Traffic congestion is a major concern for many cities throughout the world. In a general traffic light controller, the traffic lights change at a constant cycle time. Hence it does not provide an optimal solution. Many traffic light controllers in current use are based on the “time-of-the-day” scheme, which use a limited number of predetermined traffic light patterns and implement these patterns depending upon the time of the day. These automated systems do not provide an optimal control for fluctuating traffic volumes. In this paper, the fuzzy traffic light controller is used to optimize the control of fluctuating traffic volumes such as oversaturated or unusual load conditions. The problem is solved by genetic algorithm, and a new defuzzification method is introduced. The performance of the new defuzzification method (NDM) is compared with the centroid point defuzzification method (CPDM) by using ANOVA. Finally, an illustrative example is presented to show the competency of proposed algorithm.
1. Introduction
Delays in urban road networks depend largely on the performance of the networks’ signalled Intersections. Traffic congestion is one of the challenging problems in many countries. Traffic congestion wastes a huge portion of the national income for fuel and traffic-related environmental and socioeconomic problems. One of the major problems is the oversaturated network conditions, especially during peak hours.
In urban networks the flow is controlled by traffic lights, and traffic engineers are often faced with the question if the capacity of the networks is exploited by the chosen control strategy. One possible method to answer such questions could be the use of vehicular traffic models in control systems as well as in the planning and design of transportation networks. For almost half a century there were strong attempts to develop a theoretical framework for traffic science.
As is known to all, the main places responsible for traffic congestion are urban intersections, and the primary reason for traffic congestion in urban intersections is the irrational cycle time of traffic lights. In order to separate the conflict of the traffic flow effectively and improve traffic capacity, how to assign the red and green time in a cycle is obviously important.

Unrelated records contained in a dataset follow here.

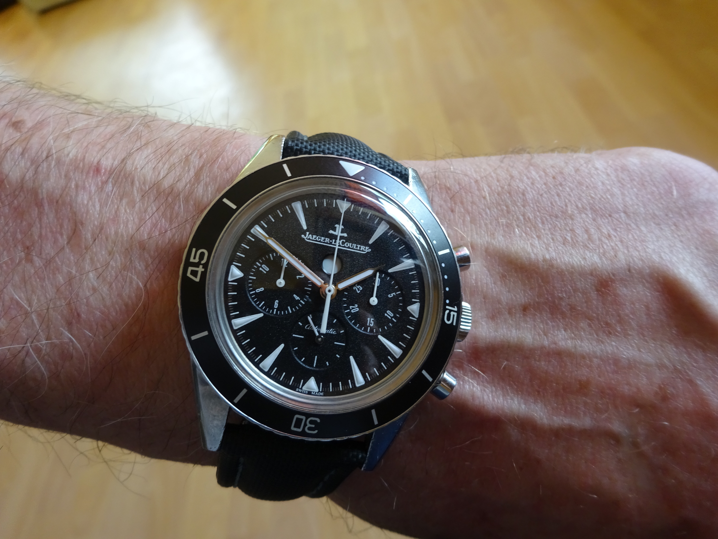 IWC GST* Alarm (*Gold / Stahl / Titan), und das Werk stammt von JLC. Es ist ein leicht verändertes JLC 918. Bei IWC heißt es 1.917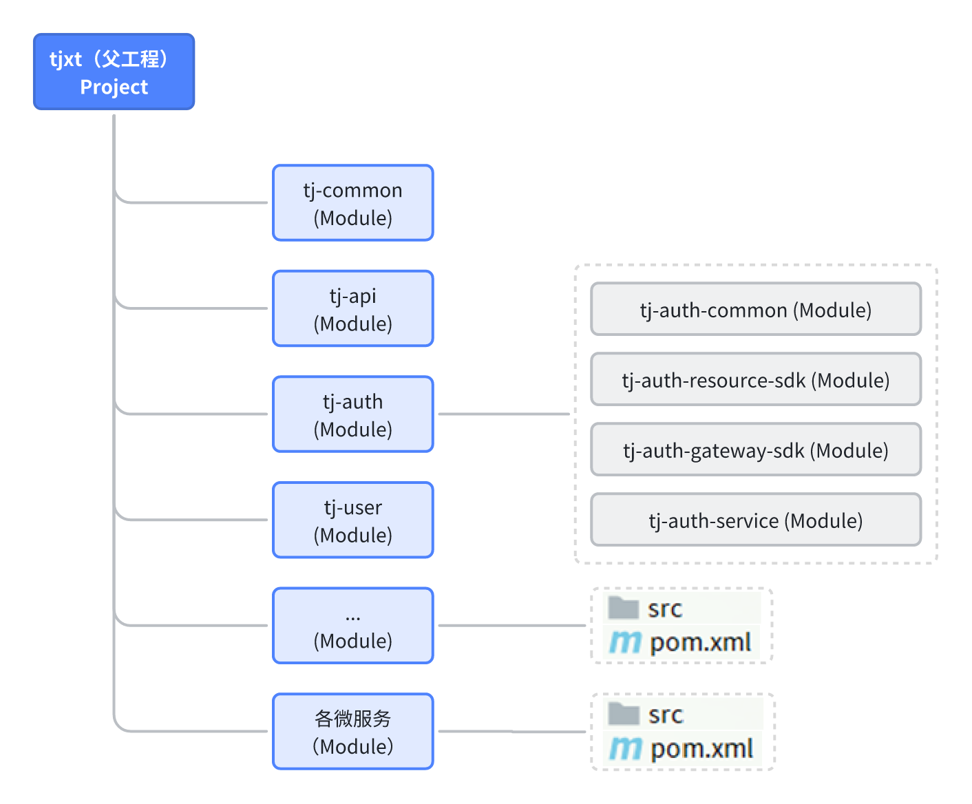 - 2)项目创建一个Project,项目下的每一个微服务都是一个Module,方便管理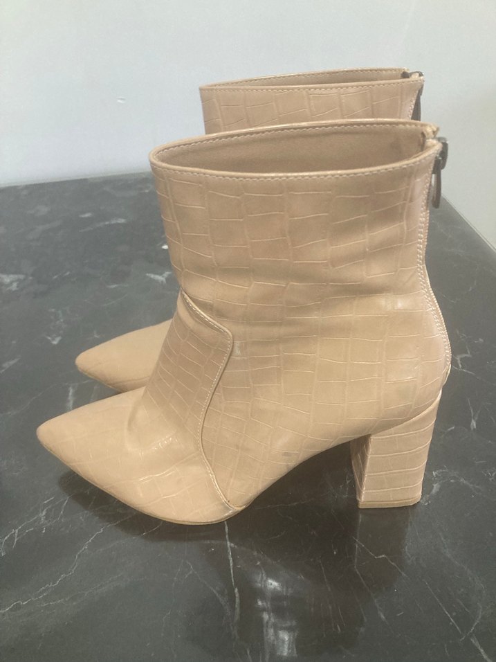 Bej renkli deri, kroko desenli ve topuklu botlar, günlük kullanıma uygundur.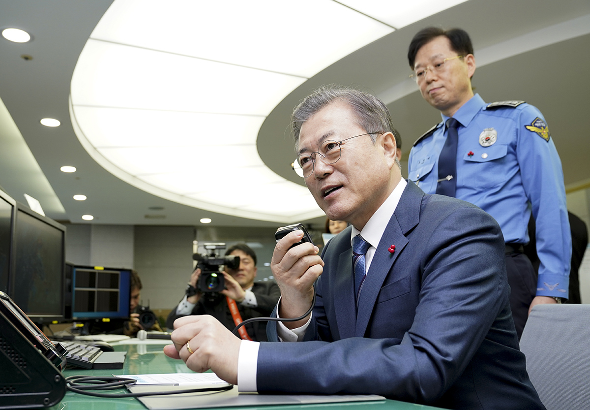 문재인 대통령이 3일 오전 경기도 평택항 마린센터를 방문, 해상교통관제센터에서 직원을 격려하고 있다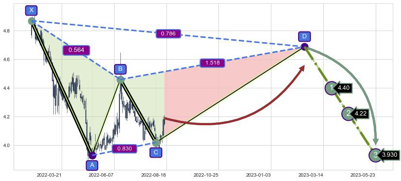 ➣ 未完成【伽利】形态起点X: 2022-02-08, 已到达C点: 2022-08-02, 预测最终D点: 2023-02-16, 共262交易日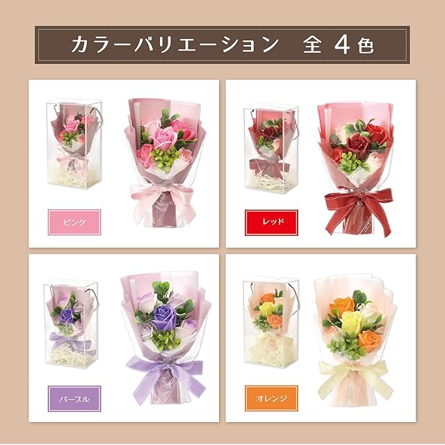 【ソープフラワーの特徴】花びら1枚1枚が石けん素材で作られた観賞用のお花です。プリザーブドフラワーと比べて花弁が大きく、値段がお手頃、石けんのいい匂いがふんわりと香るので人気があります。 生花のように水やりやお手入れの必要がなく、枯れる心配も虫や花粉の心配もありません。

Generally, longer cycle time leads to greater traffic capacity, but traffic queue and number of pedestrians also increase with increasing the cycle time. In other words, when the saturation of an intersection is small enough, the increase of the cycle time does not go far enough towards traffic capacity, and it only leads to the increase of traffic queue and number of pedestrians.
Even though Bayley [1] showed that long cycle times have negative impacts on pedestrian delays, current policies for traffic signal control still consider primarily vehicle delays. Noland [2, 3] showed with London data for small networks that extending pedestrian green times could reduce total delays at a junction. Traffic signals generally aim at minimizing average vehicle delays, while pedestrian delays are not taken into account. Such strategy is reasonable for rural areas or highways where very few pedestrians interfere with vehicular traffic. However, in a central business district with a lot of pedestrians walking around, the strategy that optimizes only vehicle flows would not be suitable because the pedestrian delays are ignored. Ignoring pedestrian delays might even result in people choosing to use vehicles more frequently than walking. So, it is reasonable that pedestrian signal plans be also optimized.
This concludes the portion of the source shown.